When I see the same problem: https://github.com/pytorch/pytorch/issues/18325 i user torch.jit.trace(model,torch.tensor(torch.rand(size=(1,3,640,640))) but it not work ERROR with:

TracingCheckError: Tracing failed sanity checks! ERROR: Graphs differed across invocations! Graph diff: graph(%self.1 : torch.models.yolo.Model, %x : Tensor): %2 : torch.torch.nn.modules.container.Sequential = prim::GetAttrname="model" %3 : torch.models.yolo.Detect = prim::GetAttrname="24" %4 : torch.torch.nn.modules.container.Sequential = prim::GetAttrname="model" %5 : torch.models.common.C3 = prim::GetAttrname="23" ... ... ... Comparison exception: expected tensor shape torch.Size([1, 1, 40, 40, 2]) doesn't match with actual tensor shape torch.Size([])!

now,i use this method ,like:

m = MyModule() m.state_dict() OrderedDict([('l0.weight', tensor([[ 0.1400, 0.4563, -0.0271, -0.4406], [-0.3289, 0.2827, 0.4588, 0.2031]])), ('l0.bias', tensor([ 0.0300, -0.1316])), ('l1.weight', tensor([[0.6533, 0.3413]])), ('l1.bias', tensor([-0.1112]))])
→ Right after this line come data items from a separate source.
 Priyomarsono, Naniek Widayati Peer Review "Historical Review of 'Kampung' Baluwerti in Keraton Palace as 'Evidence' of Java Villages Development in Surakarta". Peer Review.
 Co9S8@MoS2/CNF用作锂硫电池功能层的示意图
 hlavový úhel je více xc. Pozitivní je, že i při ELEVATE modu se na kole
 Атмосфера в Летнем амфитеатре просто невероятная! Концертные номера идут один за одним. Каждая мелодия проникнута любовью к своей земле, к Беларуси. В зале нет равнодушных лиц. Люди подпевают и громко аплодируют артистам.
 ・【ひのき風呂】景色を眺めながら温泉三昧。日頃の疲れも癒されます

torch.save(m.state_dict(), 'mymodule.pt') m_state_dict = torch.load('mymodule.pt') new_m = MyModule() new_m.load_state_dict(m_state_dict)
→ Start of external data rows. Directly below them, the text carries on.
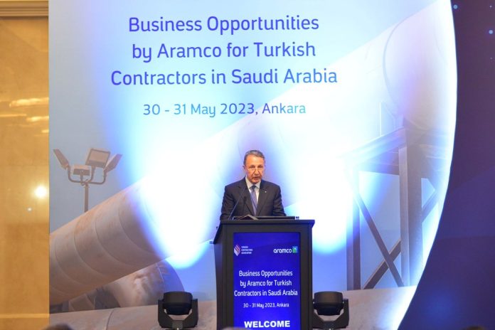 TMB ve Aramco işbirliğinde Ankara’da düzenlenen “Suudi Arabistan’da İş Fırsatları” konulu etkinliğe, 80 dolayında Türk müteahhit ve teknik müşavirlik firmasından temsilciler katıldı. Toplantıda açılış konuşmasını yapan TMB Başkanı M. Erdal Eren, Suudi Arabistan ile işbirliğinin yansıması olarak Saudi Aramco ile çalışmaktan memnun olduklarını belirtti. Eren, Suudi Arabistan’ın Türk müteahhitlerin yurt dışı faaliyetlerinde yaklaşık 25 milyar dolar tutarındaki 386 proje ile altıncı ülke konumunda yer aldığını, iki ülke arasında yaşanan sıkıntıların geride kaldığını ve Aramco’nun yeni dönem projelerinde yer alarak Suudi Arabistan’ın kalkınma programlarına katkıda bulunmak istediklerini ifade etti.
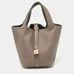 Hermes Etoupe Taurillon Clemence Leather Picotin Lock 18 Bag
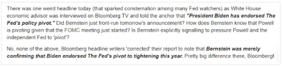 这迅速引发了华尔街的猜测,Bernstein怎么知道鲍威尔要转向?Bernstein是否在明确向鲍威尔和美联储施压,要求其“转向”?好在,最终这一切被证实只是一个“误会”。相关媒体事后“更正”了他们的报道,指出Bernstein只是在确认拜登支持美联储今年转向紧缩的政策。
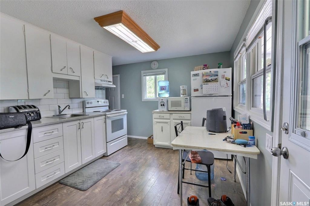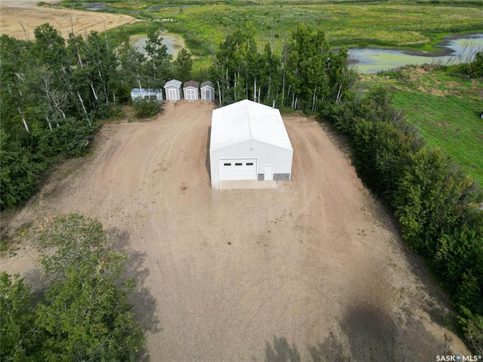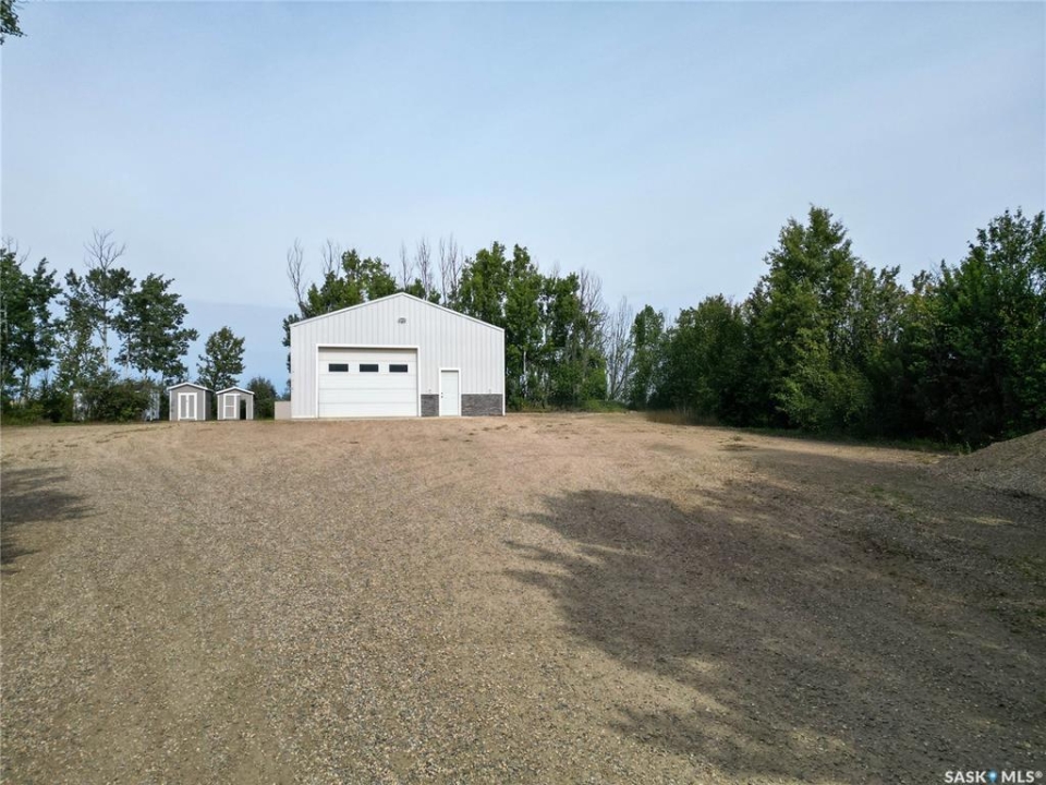 Acreage living just minutes from the city! This charming 1 bedroom, 1 bathroom bungalow offers 616 sq ft of cozy living space, set on a beautifully treed 7-acre parcel that provides ultimate privacy. Built in 1955, the home features laminate flooring throughout the main level, while the basement adds extra space with a comfortable living room, laundry/utility area, and plenty of storage. The property is a dream for hobbyists and tinkerers, boasting a show-stopping 30' x 40' heated shop, plus multiple sheds for all your projects and storage needs. Services include city water, an electric hot water heater, and an electric wall heater in the basement. Whether you're looking for peace and quiet, room to grow, or the perfect workshop setup, this acreage delivers it all while keeping you just a short drive from city conveniences.

When I use the new loading method for reasoning, the result is worse than the original loading method

hello, how about your problem? solve it?

github-actions[bot] commented 2 years ago

πŸ‘‹ Hello, this issue has been automatically marked as stale because it has not had recent activity. Please note it will be closed if no further activity occurs.

Access additional YOLOv5 πŸš€ resources:

Access additional Ultralytics ⚑ resources:

Feel free to inform us of any other issues you discover or feature requests that come to mind in the future. Pull Requests (PRs) are also always welcomed!

Thank you for your contributions to YOLOv5 πŸš€ and Vision AI ⭐!

zhoujian-z commented 2 years ago

@zcunyi how about your problem? solve it?